Scott Hollifield: The Terrifying Tale of the Deadly Dog Leash

Nothing is as simple as it seems, not even a dog leash.

My old min pin, who is still spunky and spry enough to give the mailman 40 hells once a day, likes to stroll the sidewalks and city streets, sniffing and squatting and seeing – though she’s now half blind – what’s new in the neighborhood.

The retractable leash I had was perfect, but it disappeared about the time my daughter ended her visit and returned to Charlotte. I suspect that perfect retractable leash is being used in a fancy big-city dog park with her pure-breed curly-tailed something-or-other, but I have no solid proof.

I was left with a substandard non-retractable leash that simply did not do the job, so I was off to the closest poor people’s store to find something better.

The choices were few but a couple were retractable and I picked one. Back home, I perused the packaging and came upon a warning nearly as long and scary as a Stephen King novel. It informed me I had purchased a complicated, dangerous device that could be deadly if misused. Let’s break down the warning as written.

* For use by responsible adults only! Do NOT use this leash on uncontrollable or disobedient dogs.

That disqualified both the dog and me right there. The mailman can attest to that.

* Follow all operation instructions. Failure to do so can cause…serious facial, head and eye injuries to you or your dog. The leash and hook can also cause serious cuts, abrasions, burns and amputations to anyone.

Amputations to anyone? Was this a dog leash or a deadly Terminator-like laser weapon from the future?

“Hey, Bill. How ya doing? I’m just out walking the dog on this beautiful – LOOK OUT! You’re going to want to put a tourniquet on that immediately.”

Those who can be harmed or maimed by the leash include “children, infants & pets who come in contact with the leash or hook.” I became concerned that even looking in the general direction of the leash could have dire consequences.

“Please, everyone, do not provoke the leash. Uncle Steve did and he is gone and there is nothing we can do to bring him back. All we can do at this point is try to avoid the wraith of the leash and stay alive. TIMMY, NO!”

* Never wrap the leash around any body parts.

That’s a good rule of thumb for about anything, really.

* DO NOT use this retractable leash if on medication that makes you sleepy or groggy, or under the influence of alcohol or drugs.

Follow that warning and we cut walks back to about once a month. If I have to pee in a cup before we hit the street so she can pee on a phone pole, it’s not worth the hassle.

* DO NOT attempt to open the housing to repair this retractable leash. Refrain from using the leash if becomes frayed, damaged or is not working properly.

That indicates to me the leash will malfunction almost immediately, I will be tempted to open the housing to see what is wrong and I will either lose a finger or unleash a demon from within, bringing about an end to civilization as we know it.
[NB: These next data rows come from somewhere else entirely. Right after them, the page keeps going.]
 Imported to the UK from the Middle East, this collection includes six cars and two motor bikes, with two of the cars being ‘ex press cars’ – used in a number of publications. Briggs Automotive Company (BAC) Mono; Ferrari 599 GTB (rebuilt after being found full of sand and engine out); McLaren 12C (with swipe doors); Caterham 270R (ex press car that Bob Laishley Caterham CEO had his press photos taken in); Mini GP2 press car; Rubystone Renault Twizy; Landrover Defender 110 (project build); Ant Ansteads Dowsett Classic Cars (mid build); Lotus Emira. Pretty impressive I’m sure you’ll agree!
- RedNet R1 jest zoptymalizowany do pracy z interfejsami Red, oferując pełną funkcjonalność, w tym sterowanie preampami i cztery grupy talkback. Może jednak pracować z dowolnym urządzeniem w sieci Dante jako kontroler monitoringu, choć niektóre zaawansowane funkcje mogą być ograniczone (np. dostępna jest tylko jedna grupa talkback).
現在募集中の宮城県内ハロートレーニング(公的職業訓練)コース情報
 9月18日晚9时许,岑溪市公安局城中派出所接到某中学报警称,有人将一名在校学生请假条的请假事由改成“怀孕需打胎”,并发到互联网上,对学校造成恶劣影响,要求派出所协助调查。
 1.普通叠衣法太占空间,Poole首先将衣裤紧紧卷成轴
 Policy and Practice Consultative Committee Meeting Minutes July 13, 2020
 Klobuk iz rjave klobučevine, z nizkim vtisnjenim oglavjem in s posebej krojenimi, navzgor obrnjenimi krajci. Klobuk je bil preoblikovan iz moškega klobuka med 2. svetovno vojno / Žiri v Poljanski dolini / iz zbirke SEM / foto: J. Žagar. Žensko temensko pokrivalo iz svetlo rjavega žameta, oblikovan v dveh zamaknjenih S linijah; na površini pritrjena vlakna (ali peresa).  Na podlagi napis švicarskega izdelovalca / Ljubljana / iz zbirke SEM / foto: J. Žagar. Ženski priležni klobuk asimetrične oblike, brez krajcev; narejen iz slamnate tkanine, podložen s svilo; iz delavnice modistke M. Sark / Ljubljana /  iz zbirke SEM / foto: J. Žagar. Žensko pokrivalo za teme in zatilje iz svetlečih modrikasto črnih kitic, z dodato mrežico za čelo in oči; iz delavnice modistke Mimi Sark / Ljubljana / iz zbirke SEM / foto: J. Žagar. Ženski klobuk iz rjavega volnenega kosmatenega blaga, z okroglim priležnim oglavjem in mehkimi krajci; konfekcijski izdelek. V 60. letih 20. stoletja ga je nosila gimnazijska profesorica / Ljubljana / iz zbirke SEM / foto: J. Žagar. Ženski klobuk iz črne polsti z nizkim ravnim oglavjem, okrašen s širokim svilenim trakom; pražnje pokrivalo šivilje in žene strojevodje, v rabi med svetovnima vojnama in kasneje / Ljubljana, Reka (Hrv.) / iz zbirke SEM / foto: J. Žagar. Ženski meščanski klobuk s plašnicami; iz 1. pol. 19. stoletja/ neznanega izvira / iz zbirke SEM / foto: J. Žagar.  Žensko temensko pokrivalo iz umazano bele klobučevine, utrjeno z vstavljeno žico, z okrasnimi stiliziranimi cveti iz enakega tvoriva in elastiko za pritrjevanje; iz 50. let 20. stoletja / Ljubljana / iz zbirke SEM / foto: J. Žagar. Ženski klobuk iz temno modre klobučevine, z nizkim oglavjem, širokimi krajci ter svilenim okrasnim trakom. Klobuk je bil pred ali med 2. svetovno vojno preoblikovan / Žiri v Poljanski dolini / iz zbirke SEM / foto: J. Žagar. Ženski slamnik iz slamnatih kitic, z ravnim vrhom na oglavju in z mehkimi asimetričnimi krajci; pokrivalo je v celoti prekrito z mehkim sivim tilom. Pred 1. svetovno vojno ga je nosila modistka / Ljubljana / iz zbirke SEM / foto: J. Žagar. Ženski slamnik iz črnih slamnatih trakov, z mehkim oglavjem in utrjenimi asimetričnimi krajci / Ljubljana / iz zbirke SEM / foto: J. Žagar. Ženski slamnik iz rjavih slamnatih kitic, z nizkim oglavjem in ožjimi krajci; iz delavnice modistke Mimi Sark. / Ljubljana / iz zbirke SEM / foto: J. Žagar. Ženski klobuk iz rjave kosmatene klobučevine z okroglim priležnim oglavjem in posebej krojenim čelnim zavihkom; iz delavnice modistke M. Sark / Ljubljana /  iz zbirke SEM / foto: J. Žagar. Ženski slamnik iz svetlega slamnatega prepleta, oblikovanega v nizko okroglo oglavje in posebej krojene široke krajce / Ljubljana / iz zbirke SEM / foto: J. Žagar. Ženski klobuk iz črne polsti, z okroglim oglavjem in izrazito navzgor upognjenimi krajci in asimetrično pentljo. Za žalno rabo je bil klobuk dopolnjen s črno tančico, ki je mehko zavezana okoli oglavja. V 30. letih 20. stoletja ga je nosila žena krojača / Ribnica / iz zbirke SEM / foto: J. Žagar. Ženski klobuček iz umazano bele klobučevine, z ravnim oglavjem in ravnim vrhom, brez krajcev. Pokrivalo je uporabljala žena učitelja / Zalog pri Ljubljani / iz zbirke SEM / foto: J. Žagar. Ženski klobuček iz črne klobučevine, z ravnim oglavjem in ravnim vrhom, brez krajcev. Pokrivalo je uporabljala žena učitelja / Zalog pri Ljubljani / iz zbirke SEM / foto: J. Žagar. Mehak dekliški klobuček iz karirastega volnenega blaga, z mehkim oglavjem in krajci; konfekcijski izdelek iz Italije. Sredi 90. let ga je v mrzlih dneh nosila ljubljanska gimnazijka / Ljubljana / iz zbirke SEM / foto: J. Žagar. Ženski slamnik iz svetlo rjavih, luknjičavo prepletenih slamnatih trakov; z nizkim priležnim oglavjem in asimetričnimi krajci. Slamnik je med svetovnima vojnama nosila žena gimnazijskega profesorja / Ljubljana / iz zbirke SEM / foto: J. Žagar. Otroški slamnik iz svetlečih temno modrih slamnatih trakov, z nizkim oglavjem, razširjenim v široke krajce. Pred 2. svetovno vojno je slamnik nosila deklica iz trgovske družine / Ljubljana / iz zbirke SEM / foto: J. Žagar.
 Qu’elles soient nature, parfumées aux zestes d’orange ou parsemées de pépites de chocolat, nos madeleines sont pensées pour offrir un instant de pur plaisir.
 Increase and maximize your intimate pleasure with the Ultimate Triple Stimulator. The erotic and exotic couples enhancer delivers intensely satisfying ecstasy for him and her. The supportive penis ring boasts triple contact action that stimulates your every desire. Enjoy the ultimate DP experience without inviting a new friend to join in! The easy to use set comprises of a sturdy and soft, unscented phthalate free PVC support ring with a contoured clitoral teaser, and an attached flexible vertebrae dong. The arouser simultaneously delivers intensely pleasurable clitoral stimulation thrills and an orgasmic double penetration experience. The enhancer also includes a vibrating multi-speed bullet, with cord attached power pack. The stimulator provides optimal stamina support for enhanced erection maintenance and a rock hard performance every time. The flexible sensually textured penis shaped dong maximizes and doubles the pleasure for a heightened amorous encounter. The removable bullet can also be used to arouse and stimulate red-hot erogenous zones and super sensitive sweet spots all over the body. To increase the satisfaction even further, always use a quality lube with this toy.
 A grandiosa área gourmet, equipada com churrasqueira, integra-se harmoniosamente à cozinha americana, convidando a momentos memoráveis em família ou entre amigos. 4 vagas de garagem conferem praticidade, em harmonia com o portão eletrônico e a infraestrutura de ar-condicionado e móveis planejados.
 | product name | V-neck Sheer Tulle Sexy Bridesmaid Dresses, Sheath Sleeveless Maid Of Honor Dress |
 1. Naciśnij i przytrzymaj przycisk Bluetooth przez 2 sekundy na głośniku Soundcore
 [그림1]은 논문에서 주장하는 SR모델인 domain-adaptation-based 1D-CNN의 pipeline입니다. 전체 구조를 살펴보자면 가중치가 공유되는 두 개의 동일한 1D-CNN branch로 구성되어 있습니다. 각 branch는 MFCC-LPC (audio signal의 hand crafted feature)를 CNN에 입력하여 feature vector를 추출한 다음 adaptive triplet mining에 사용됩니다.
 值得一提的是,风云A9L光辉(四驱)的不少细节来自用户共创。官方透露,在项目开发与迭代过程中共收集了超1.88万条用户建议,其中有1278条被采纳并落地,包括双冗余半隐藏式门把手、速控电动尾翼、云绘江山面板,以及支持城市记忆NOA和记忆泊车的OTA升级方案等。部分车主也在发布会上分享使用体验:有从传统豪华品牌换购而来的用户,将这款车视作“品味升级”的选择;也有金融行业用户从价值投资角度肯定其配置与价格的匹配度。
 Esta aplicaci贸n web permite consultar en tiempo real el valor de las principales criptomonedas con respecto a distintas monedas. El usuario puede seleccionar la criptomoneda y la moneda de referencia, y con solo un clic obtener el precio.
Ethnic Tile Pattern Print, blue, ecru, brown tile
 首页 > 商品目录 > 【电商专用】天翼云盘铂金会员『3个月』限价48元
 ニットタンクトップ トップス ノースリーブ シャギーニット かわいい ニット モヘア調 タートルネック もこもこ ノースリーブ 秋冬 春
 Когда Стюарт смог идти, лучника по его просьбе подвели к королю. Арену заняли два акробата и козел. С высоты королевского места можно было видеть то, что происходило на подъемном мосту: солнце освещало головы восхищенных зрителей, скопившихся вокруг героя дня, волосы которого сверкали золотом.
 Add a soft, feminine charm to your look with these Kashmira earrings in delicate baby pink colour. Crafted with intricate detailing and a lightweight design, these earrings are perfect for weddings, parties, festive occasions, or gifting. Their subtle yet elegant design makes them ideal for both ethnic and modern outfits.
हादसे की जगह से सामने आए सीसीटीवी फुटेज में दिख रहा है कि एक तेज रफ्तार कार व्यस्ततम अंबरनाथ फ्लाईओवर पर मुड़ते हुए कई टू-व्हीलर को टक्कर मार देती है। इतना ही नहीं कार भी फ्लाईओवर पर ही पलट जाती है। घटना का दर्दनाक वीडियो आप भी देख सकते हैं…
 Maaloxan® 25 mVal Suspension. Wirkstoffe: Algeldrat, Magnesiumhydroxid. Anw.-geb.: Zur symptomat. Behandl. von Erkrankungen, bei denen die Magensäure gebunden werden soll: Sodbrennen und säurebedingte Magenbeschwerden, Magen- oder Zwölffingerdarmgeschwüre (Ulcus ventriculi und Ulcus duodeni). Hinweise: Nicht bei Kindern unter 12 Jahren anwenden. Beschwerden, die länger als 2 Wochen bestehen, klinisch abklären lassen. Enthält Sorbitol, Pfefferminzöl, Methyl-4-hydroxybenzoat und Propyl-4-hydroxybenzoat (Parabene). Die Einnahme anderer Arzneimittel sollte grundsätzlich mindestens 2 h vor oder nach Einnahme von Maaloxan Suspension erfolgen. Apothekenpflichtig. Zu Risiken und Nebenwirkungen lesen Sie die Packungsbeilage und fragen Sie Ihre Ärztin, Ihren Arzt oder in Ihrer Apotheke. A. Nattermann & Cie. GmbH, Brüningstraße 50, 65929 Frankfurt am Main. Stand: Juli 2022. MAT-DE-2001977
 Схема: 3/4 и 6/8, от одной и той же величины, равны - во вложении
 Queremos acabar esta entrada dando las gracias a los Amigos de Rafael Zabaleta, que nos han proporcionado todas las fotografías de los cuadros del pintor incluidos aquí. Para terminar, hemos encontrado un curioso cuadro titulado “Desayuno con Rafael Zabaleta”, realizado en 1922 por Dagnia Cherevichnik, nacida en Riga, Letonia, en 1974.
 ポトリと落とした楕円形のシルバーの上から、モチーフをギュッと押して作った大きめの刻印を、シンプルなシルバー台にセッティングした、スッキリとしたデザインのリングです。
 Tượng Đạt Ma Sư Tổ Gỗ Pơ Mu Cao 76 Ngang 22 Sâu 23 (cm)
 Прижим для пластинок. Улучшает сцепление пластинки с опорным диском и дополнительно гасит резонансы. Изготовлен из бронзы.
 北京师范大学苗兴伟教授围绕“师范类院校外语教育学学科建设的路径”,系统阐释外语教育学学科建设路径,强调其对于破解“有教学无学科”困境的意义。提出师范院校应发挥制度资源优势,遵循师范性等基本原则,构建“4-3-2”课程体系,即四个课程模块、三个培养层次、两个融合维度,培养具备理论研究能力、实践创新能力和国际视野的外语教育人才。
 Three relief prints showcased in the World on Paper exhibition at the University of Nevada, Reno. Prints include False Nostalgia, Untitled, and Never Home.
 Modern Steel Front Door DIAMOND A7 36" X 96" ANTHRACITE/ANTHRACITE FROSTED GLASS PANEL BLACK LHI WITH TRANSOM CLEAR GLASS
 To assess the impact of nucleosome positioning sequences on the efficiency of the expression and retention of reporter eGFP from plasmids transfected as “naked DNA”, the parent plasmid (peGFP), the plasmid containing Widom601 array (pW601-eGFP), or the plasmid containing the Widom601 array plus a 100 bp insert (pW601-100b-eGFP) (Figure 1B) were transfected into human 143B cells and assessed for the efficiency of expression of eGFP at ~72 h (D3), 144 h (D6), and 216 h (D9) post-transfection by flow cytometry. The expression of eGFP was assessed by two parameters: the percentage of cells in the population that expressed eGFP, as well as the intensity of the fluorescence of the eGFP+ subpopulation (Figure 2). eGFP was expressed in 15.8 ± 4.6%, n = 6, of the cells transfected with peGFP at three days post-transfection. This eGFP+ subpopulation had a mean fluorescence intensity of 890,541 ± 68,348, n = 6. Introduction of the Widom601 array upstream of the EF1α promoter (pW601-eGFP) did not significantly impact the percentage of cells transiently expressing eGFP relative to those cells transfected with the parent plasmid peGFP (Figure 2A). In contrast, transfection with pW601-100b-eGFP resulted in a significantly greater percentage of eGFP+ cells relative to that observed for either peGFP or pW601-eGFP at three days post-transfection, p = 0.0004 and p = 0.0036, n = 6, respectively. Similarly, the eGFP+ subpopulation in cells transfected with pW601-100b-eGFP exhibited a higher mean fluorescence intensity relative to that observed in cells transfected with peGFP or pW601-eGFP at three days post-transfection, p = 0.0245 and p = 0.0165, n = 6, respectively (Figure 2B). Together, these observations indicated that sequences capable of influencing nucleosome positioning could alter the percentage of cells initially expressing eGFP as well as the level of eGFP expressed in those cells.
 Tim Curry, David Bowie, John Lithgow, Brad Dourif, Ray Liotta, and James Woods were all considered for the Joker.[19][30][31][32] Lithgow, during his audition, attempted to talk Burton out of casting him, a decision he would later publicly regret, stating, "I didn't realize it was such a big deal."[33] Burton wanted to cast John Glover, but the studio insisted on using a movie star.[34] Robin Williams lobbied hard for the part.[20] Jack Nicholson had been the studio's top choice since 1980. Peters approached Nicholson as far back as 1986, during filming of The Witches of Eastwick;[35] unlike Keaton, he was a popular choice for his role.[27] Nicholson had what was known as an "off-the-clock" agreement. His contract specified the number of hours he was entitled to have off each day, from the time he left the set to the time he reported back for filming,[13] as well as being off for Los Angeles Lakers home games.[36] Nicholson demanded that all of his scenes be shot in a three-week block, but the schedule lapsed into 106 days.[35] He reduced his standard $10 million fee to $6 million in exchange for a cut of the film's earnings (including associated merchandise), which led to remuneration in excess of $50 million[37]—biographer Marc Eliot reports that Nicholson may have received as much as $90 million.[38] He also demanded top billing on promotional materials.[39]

Maybe the warning should say this instead: “DO NOT buy this leash. It’s cheap and dangerous. It will possibly kill you, your pet and random children. Spend a little more money and buy a leash that does not carry a disturbing amputation warning. Better yet, text your daughter and tell her if she brings the perfect retractable leash back home, you will buy her that pony she always wanted. Then, when she agrees, say ‘Aha! I knew you took it. Bring it back or you’re out of the will.”

It’s as simple as that, even if nothing is as simple as it seems.